THE DATA:
· · ·

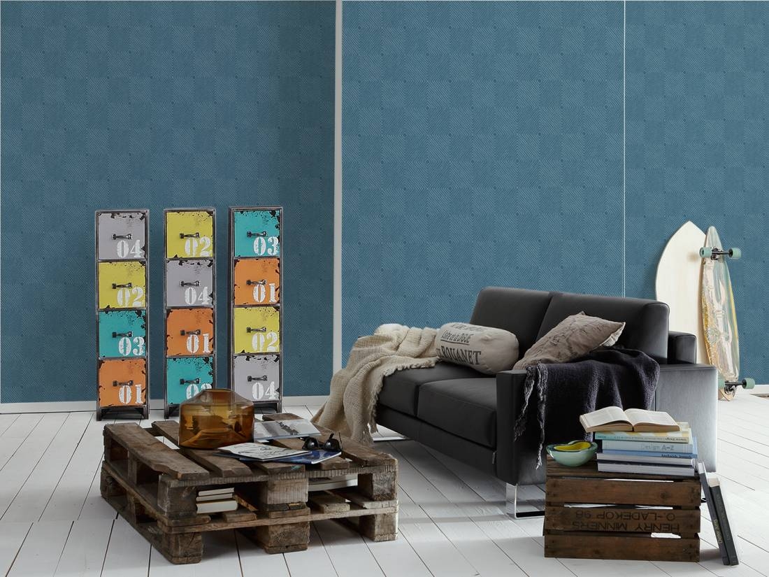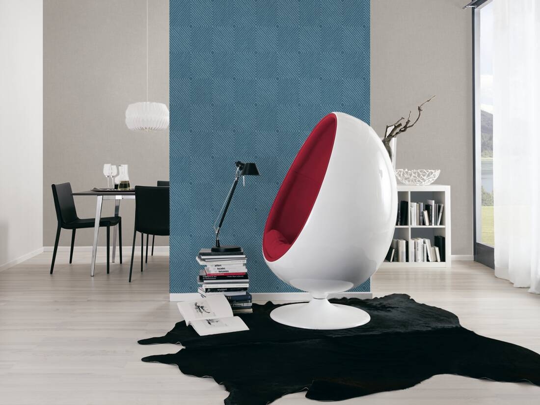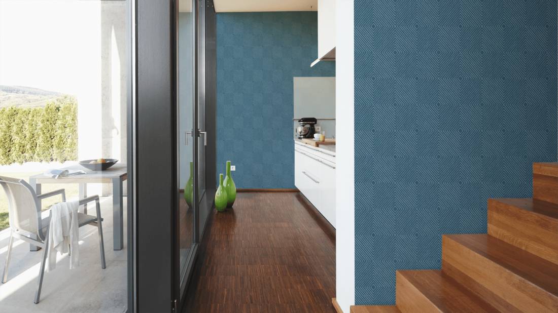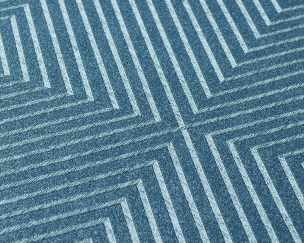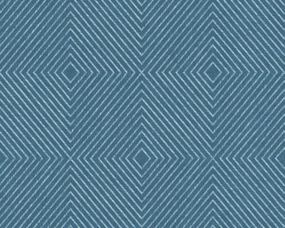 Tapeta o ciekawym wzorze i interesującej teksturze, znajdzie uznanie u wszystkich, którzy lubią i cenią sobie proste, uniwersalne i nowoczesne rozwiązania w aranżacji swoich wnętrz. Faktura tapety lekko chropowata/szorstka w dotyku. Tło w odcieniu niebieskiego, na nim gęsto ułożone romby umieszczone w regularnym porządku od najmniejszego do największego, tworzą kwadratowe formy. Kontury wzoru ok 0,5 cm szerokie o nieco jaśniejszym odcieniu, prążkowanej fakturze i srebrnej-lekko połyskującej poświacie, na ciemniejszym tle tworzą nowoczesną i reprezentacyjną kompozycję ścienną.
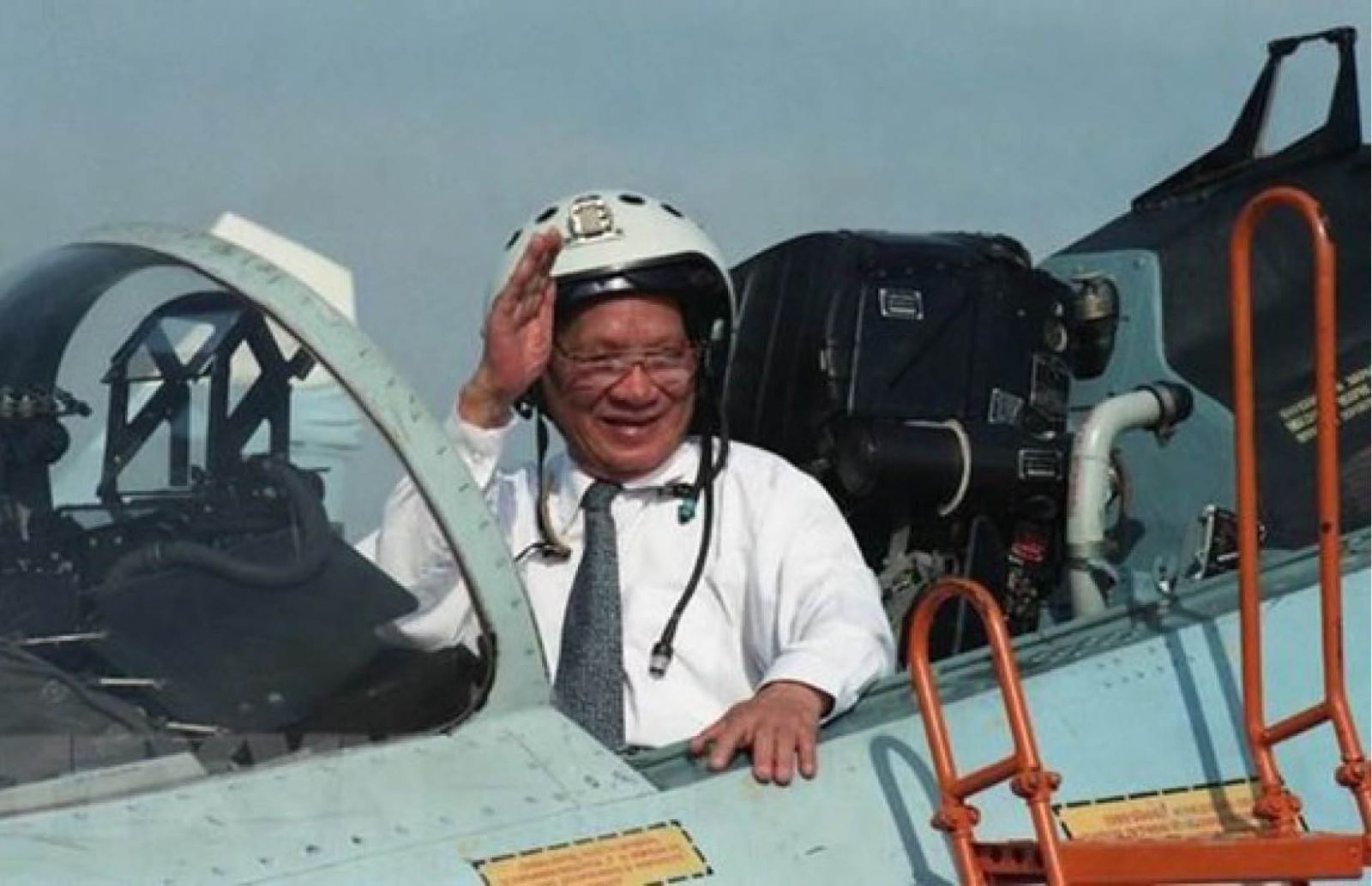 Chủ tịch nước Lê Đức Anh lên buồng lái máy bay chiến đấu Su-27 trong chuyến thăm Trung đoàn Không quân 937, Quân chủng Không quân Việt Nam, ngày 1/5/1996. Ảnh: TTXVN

· · ·

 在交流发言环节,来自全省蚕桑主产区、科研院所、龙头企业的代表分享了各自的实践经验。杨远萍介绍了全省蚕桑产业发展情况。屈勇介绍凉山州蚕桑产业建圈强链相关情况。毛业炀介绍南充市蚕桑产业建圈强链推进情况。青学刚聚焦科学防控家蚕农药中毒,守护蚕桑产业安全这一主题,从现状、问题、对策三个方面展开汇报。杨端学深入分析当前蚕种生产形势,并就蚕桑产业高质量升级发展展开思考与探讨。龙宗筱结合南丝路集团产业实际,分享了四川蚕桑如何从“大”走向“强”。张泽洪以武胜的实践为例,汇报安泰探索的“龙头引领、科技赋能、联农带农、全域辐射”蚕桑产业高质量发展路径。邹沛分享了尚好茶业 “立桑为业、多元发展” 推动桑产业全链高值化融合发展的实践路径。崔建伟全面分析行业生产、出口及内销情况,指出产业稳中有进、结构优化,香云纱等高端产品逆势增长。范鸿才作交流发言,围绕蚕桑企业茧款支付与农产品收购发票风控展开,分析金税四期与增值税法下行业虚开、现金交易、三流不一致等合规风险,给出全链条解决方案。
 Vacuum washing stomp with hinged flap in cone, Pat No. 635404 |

· · ·

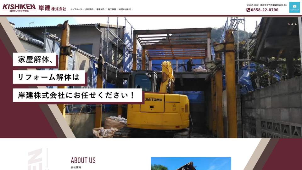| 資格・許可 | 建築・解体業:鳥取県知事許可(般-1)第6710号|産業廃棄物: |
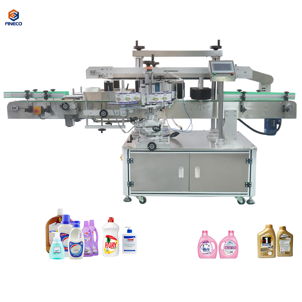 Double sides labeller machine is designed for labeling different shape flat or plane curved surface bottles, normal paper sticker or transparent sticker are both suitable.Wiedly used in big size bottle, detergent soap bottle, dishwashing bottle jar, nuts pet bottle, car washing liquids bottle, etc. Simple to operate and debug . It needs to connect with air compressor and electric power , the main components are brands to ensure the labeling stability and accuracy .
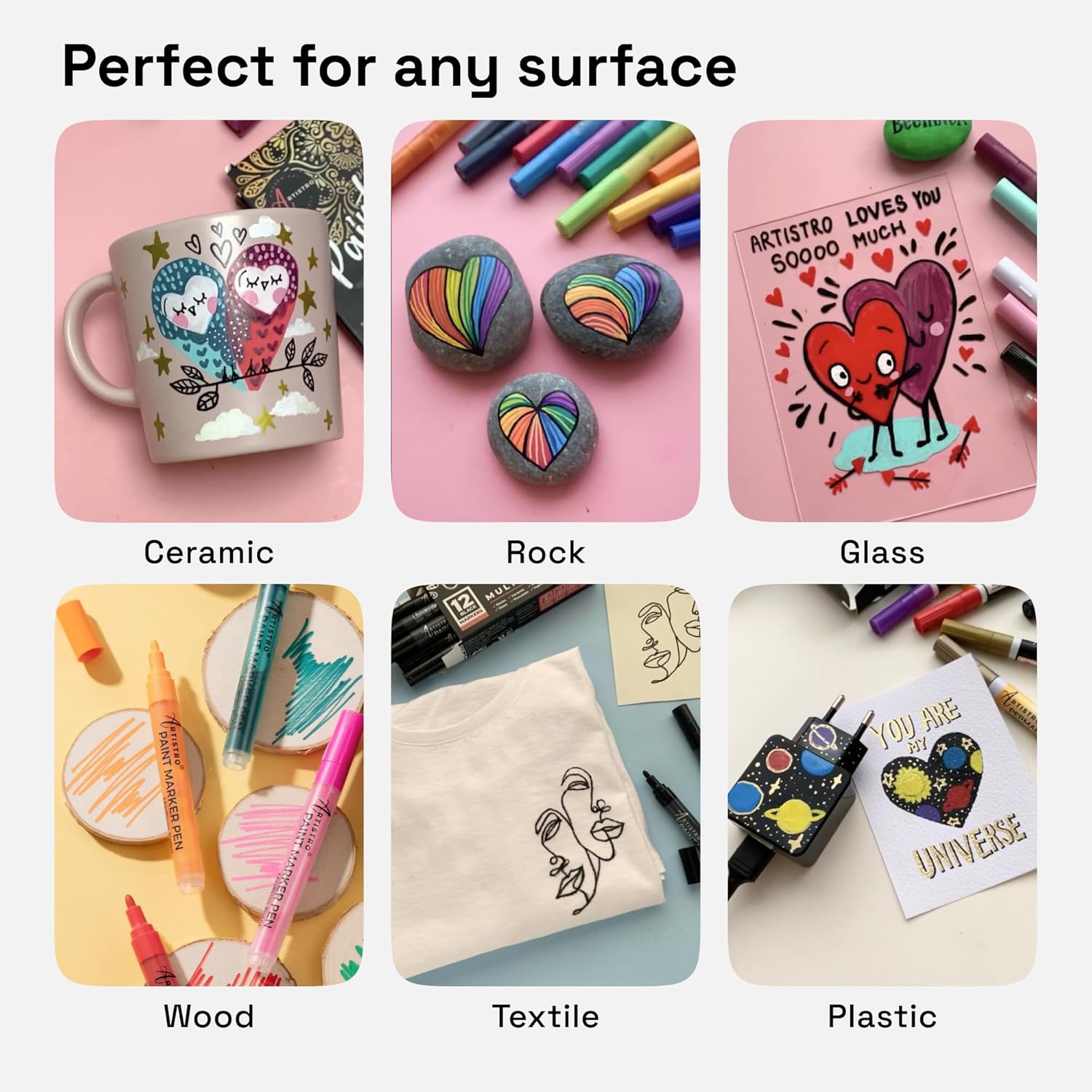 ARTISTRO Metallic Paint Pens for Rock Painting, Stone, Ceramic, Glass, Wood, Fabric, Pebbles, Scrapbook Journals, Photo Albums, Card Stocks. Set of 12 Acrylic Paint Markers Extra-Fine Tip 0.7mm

· · ·

DIRECTIONS: With the pictures omitted, restate word for word the lines above from the line that has "Double sides labeller" up to and including the line that has "ARTISTRO Metallic Paint", and no other lines.

SOLUTION FOR THIS PROBLEM:
 Double sides labeller machine is designed for labeling different shape flat or plane curved surface bottles, normal paper sticker or transparent sticker are both suitable.Wiedly used in big size bottle, detergent soap bottle, dishwashing bottle jar, nuts pet bottle, car washing liquids bottle, etc. Simple to operate and debug . It needs to connect with air compressor and electric power , the main components are brands to ensure the labeling stability and accuracy .
 ARTISTRO Metallic Paint Pens for Rock Painting, Stone, Ceramic, Glass, Wood, Fabric, Pebbles, Scrapbook Journals, Photo Albums, Card Stocks. Set of 12 Acrylic Paint Markers Extra-Fine Tip 0.7mm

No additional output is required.